Source data
Segment Open
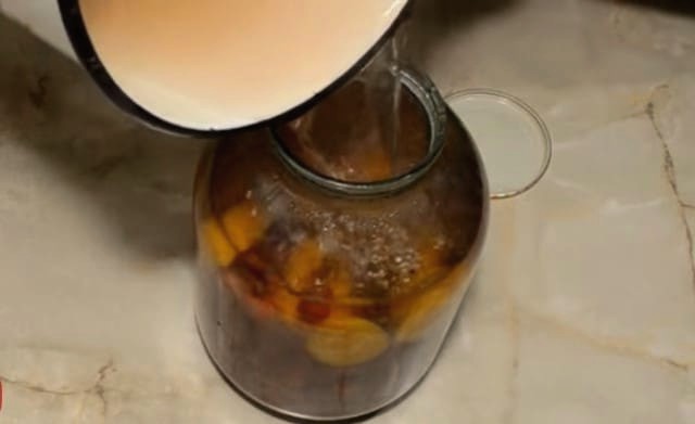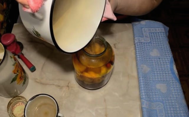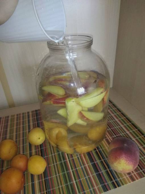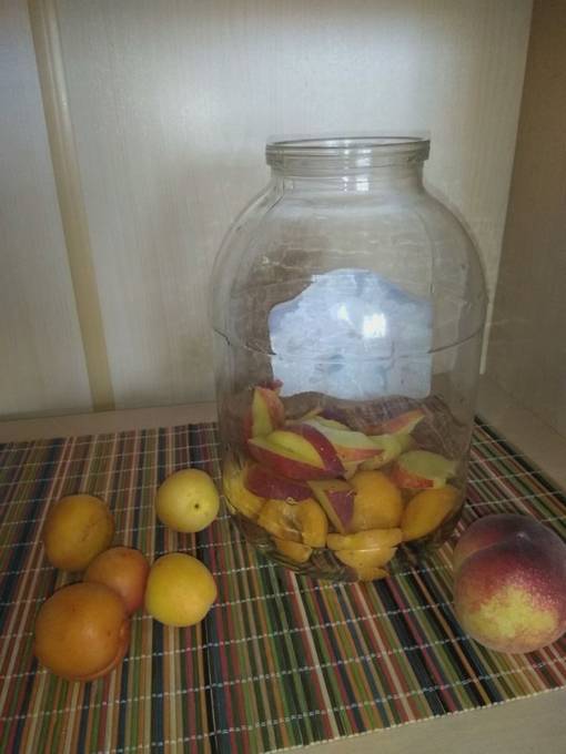 - Doe abrikozen en perziken in een gesteriliseerde pot van drie liter.
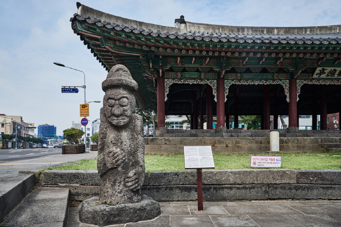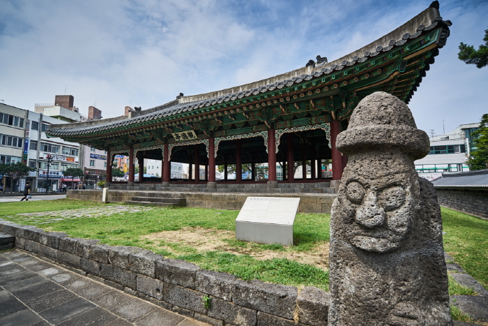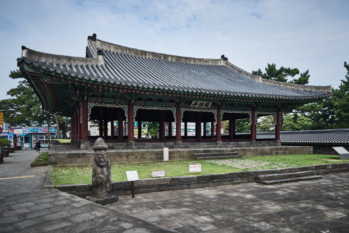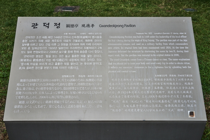 Une des plus anciennes architectures sur l’île de Jéju, le pavillon Gwandeokjeong a été construit par le pasteur Sin Suk-Cheong dans la trentième année du règne du Roi Sejong (1448) comme un terrain d’entrainement. Pour sa contribution historique pour le renforcement de l’esprit et les âmes des soldats (« Gwandeok » signifie littéralement un exercice de l’esprit et la vertu), Gwangdeokjeong a été désigné Trésor national n°322 en 1963.
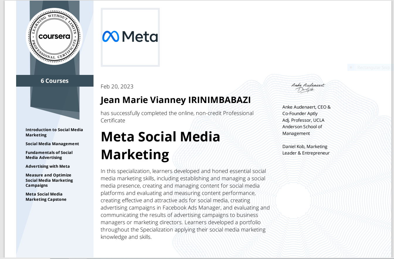 My educational journey demonstrates a solid foundation in software engineering from the University of Lays Adventists of Kigali, complemented by specialized training in web application development from the University of Michigan. The icing on the cake is the prestigious certification in digital marketing from Meta Incorporation, marked by the achievement of a Blue Badge as a Meta Certified Digital Marketing Associate. This well-rounded education equips me with a comprehensive skill set to excel in the dynamic fields of software engineering and digital marketing.
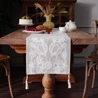 Embroidered Table Runner Boho Farmhouse Dresser Scarf Macrame Rustic Lace Doi...
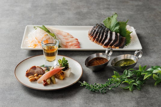 180グラムの国産豚を8時間かけて柔らかく低温調理し、高温で焼き上げ、酢豚に入る定番野菜はあえて使用せず、レモングラス、ハーブ、ドライトマトが合わさった爽やかなフルーツ果肉入り黒酢ソースで仕上げた一皿です。ナイフとフォークで贅沢に味わうステーキ仕立ての酢豚です。ぜひ赤ワインと一緒にご堪能ください。
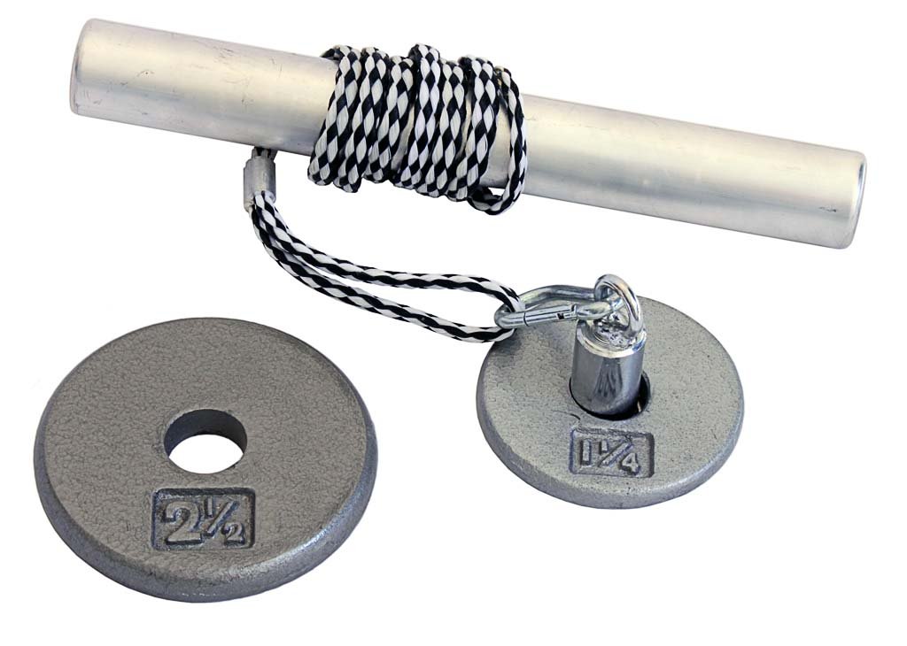Heavy duty 1.5" OD, 1.04" ID, diameter metal tube and steel weight holder with snap link. Includes: 1.25lb, and 2.5lb grey regular 1" plates Good for weight training, especially to maximize exercise on hands, wrists & shoulders. Excellent for rehab and therapy. Ships to all 50 States, APO, FPO, and
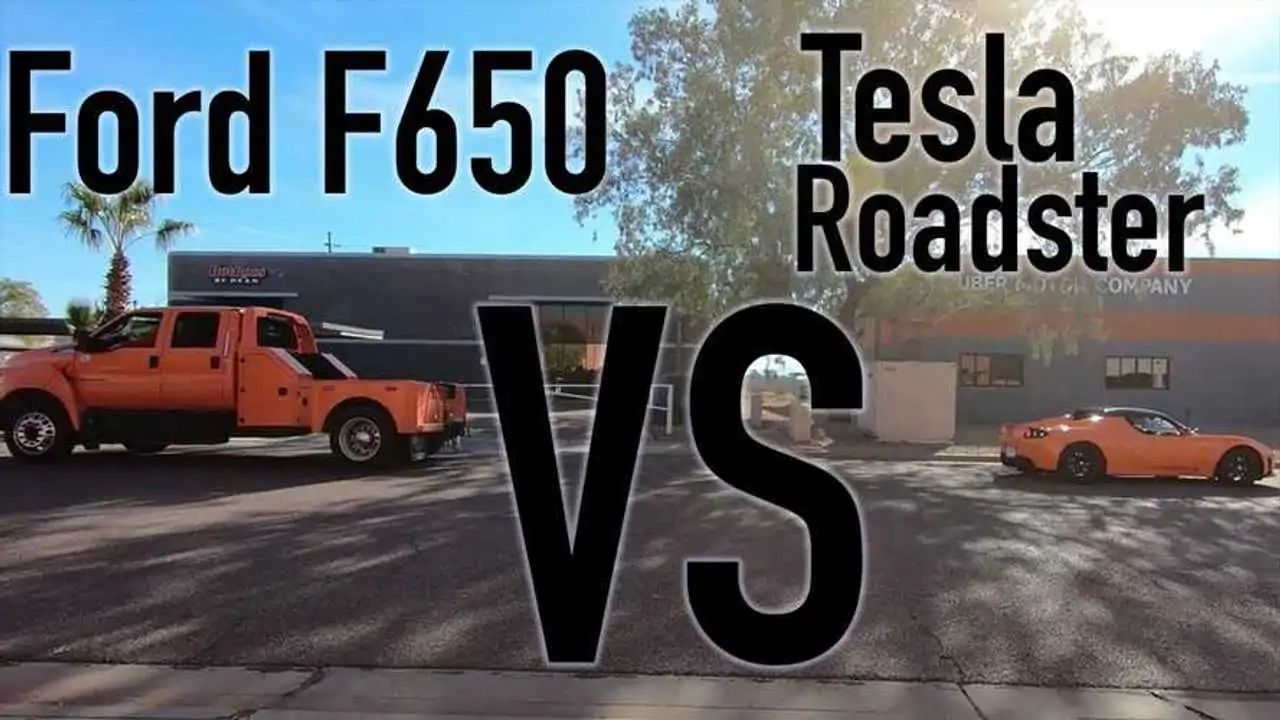 Watch Tesla Roadster Take On Ford F-650 Pickup Truck In Tug Of War Battle
Segment Closed
WORK TASK: Take only the lines above from the one that has "Une des plus" through the one that has "180グラムの国産豚を8時間" and reproduce them exactly, omitting any pictures.

WRITTEN SOLUTION:
 Une des plus anciennes architectures sur l’île de Jéju, le pavillon Gwandeokjeong a été construit par le pasteur Sin Suk-Cheong dans la trentième année du règne du Roi Sejong (1448) comme un terrain d’entrainement. Pour sa contribution historique pour le renforcement de l’esprit et les âmes des soldats (« Gwandeok » signifie littéralement un exercice de l’esprit et la vertu), Gwangdeokjeong a été désigné Trésor national n°322 en 1963.
 My educational journey demonstrates a solid foundation in software engineering from the University of Lays Adventists of Kigali, complemented by specialized training in web application development from the University of Michigan. The icing on the cake is the prestigious certification in digital marketing from Meta Incorporation, marked by the achievement of a Blue Badge as a Meta Certified Digital Marketing Associate. This well-rounded education equips me with a comprehensive skill set to excel in the dynamic fields of software engineering and digital marketing.
 Embroidered Table Runner Boho Farmhouse Dresser Scarf Macrame Rustic Lace Doi...
 180グラムの国産豚を8時間かけて柔らかく低温調理し、高温で焼き上げ、酢豚に入る定番野菜はあえて使用せず、レモングラス、ハーブ、ドライトマトが合わさった爽やかなフルーツ果肉入り黒酢ソースで仕上げた一皿です。ナイフとフォークで贅沢に味わうステーキ仕立ての酢豚です。ぜひ赤ワインと一緒にご堪能ください。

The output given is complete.